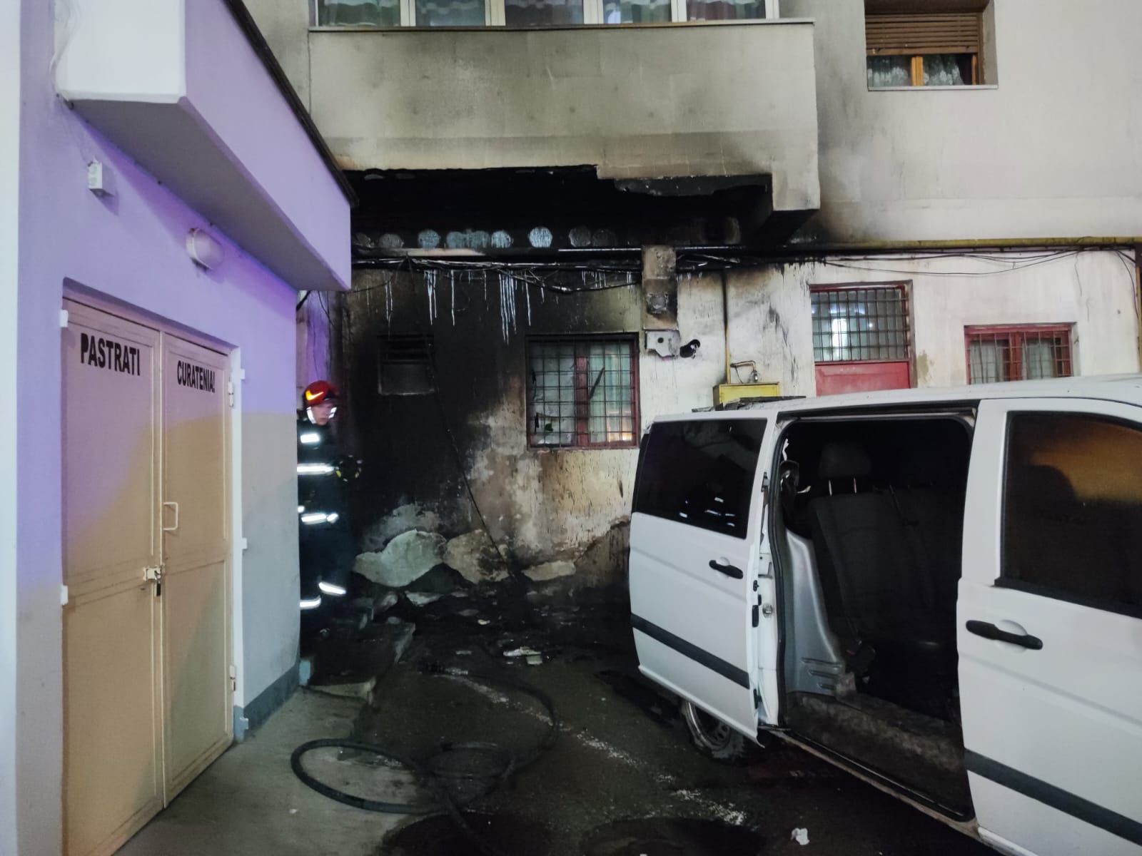 ISU Gorj a comunicat, în această dimineață, că a izbucnit un incendiu aproape de centrul orașului în care au ars, parțial, fațada unui bloc, dar și un autoturism care era parcat acolo:
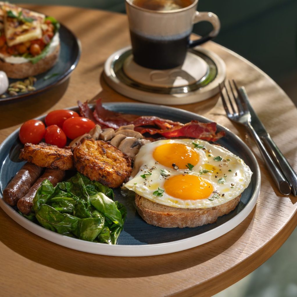 SUNNY-SIDE UP EGGS WITH HASH BROWNS, MUSHROOMS, SMOKED SAUSAGE, CHERRY TOMATOES, BABY SPINACH, SERVED WITH TOASTED SOURDOUGH.
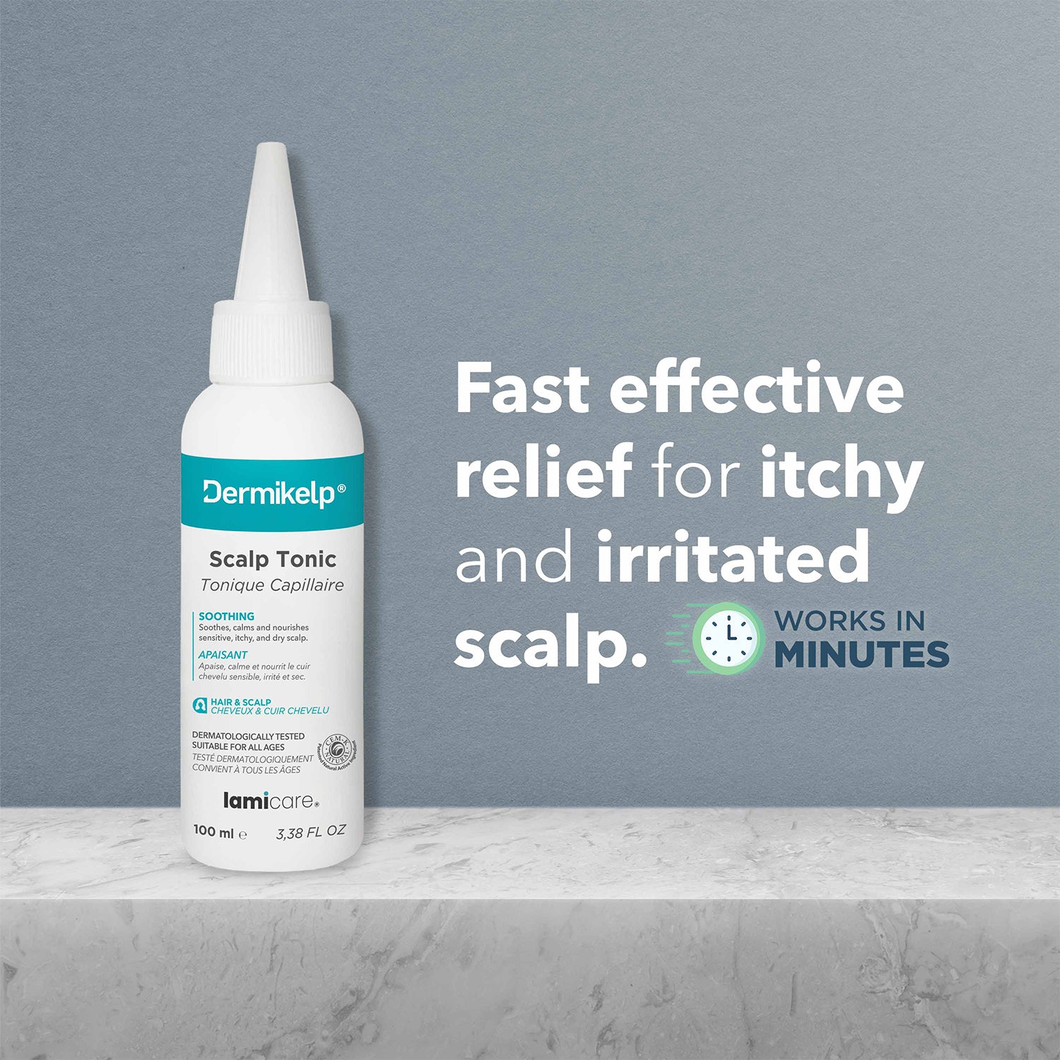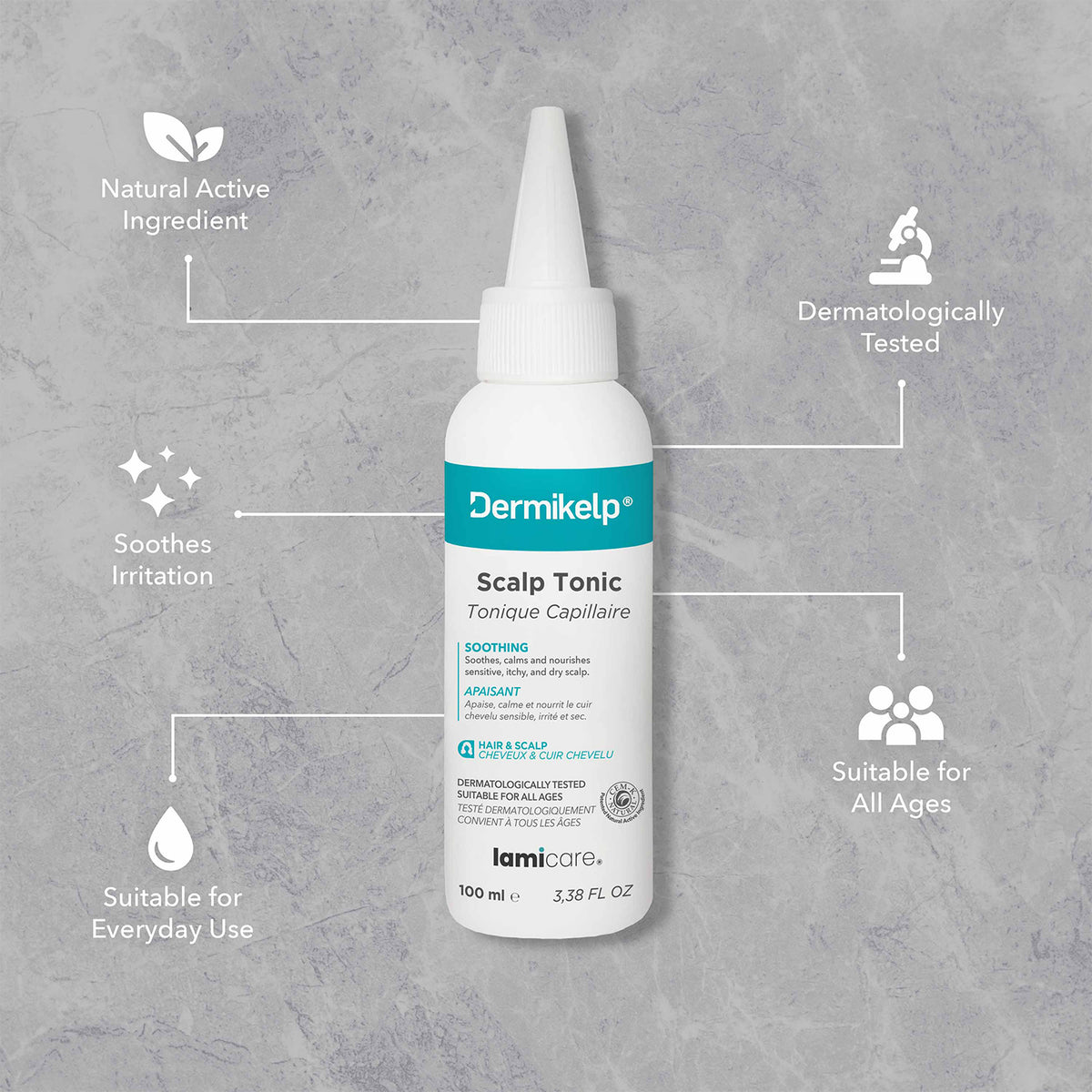 Dermikelp® Soothing Scalp Tonic contains CEM-K a natural active ingredient from kelp. When the skin reacts to a negative stimulus, the CEM-K decreases the IgE secretion which prevents histamine from being released and an allergic reaction from taking place. This reduces the redness and itching.
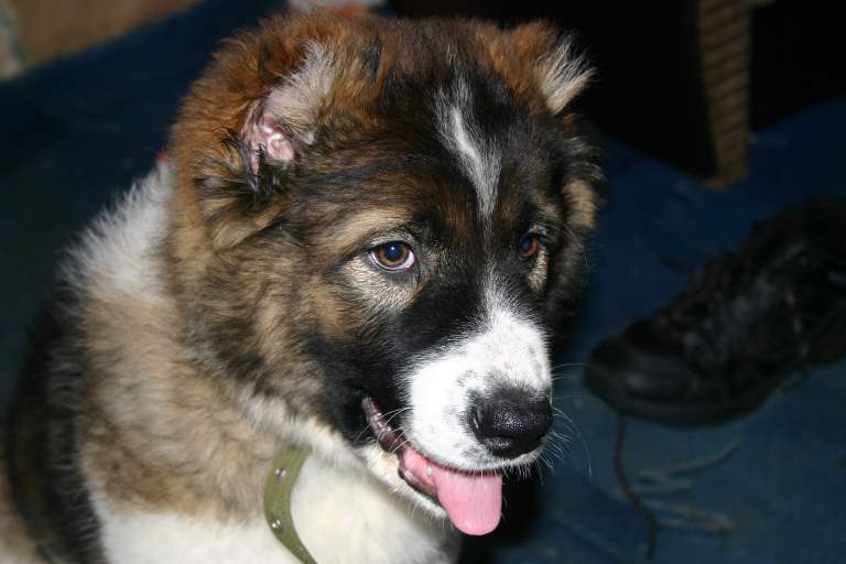 А это щенок, её всего 3 месяца, купил после того как погиб предыдущий кавказец был кобель 80 кг весу, и полностью подчинялся дочке ( у которой 20 кг
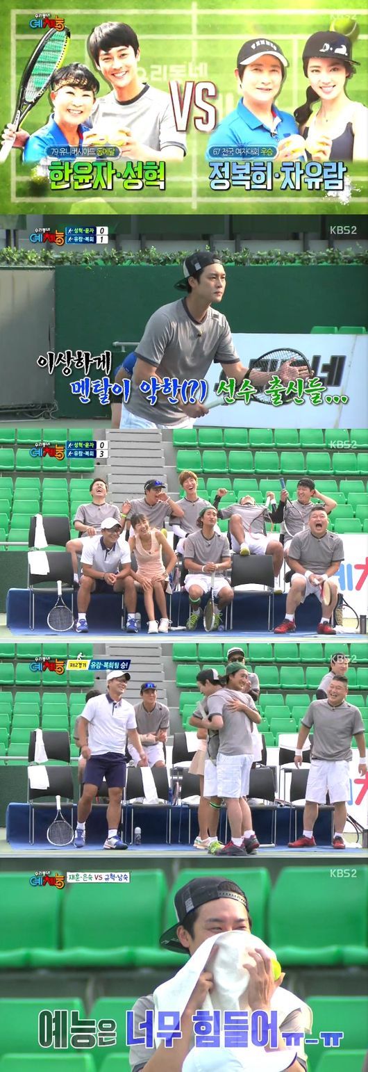 14일 오후 방송된 KBS 2TV '우리동네 예체능'에는 대한민국 여자 테니스 국가대표 OB로 구성된 '마당회'와 '예체능' 테니스팀의 대결이 펼쳐쳤다.

_ _ _ _ _

* _Brief_:
From the first line to the last, return the records exactly and leave the pictures behind.

* _Finished exercise_:
 ISU Gorj a comunicat, în această dimineață, că a izbucnit un incendiu aproape de centrul orașului în care au ars, parțial, fațada unui bloc, dar și un autoturism care era parcat acolo:
 SUNNY-SIDE UP EGGS WITH HASH BROWNS, MUSHROOMS, SMOKED SAUSAGE, CHERRY TOMATOES, BABY SPINACH, SERVED WITH TOASTED SOURDOUGH.
 Dermikelp® Soothing Scalp Tonic contains CEM-K a natural active ingredient from kelp. When the skin reacts to a negative stimulus, the CEM-K decreases the IgE secretion which prevents histamine from being released and an allergic reaction from taking place. This reduces the redness and itching.
 А это щенок, её всего 3 месяца, купил после того как погиб предыдущий кавказец был кобель 80 кг весу, и полностью подчинялся дочке ( у которой 20 кг
 14일 오후 방송된 KBS 2TV '우리동네 예체능'에는 대한민국 여자 테니스 국가대표 OB로 구성된 '마당회'와 '예체능' 테니스팀의 대결이 펼쳐쳤다.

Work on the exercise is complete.